Air bubbles mixed in the modified material 3m applied along the surface 2a of the support 2 remain as voids 3v in the separation layer 3 even after heating and baking. In this state, when the material of the solidified layer 4 (sealing material of the sealing layer 4b or adhesive of the adhesive layer 4c) is applied, the material of the solidified layer 4 (the sealing material of the sealing layer 4b or the adhesive of the adhesive layer 4c) The adhesive of) flows into the void 3v and partially contacts the surface 2a of the support 2 in some cases. The material of the solidified layer 4 (the sealing material of the sealing layer 4b or the adhesive layer 4c) in contact with the surface 2a of the support 2 is solidified to form a partial bonding site 4a.
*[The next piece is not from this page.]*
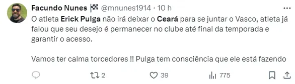 Dentre um dos jogadores que vem recebendo sondagens de gigantes brasileiros está Erick Pulga. Nesta sexta-feira (12), uma notícia sobre seu futuro veio a tona e agitou os torcedores na web.
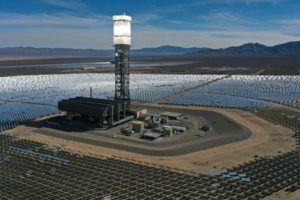 Fields of heliostat mirrors reflect sunlight onto a boiler mounted on a solar power tower at the Ivanpah Solar Electric Generating System, the world’s largest solar thermal power station, in the Mojave Desert near Nipton, California U.S., February 27, 2022. Picture taken with a drone on February 27, 2022. REUTERS/Bing Guan/File Photo

In a state where the bonding portion 4a of the solidified layer 4 and the surface 2a of the support 2 are partially adhered, the light L from the light irradiation part 22 over the entire surface of the separation layer 3 Even if the denatured material 3m is denatured (altered in quality) so that peeling is possible by the irradiation, since the bonding site 4a with the surface 2a of the support 2 remains partially, the work 1 and the solidified layer 4 The support 2 cannot be smoothly separated from it.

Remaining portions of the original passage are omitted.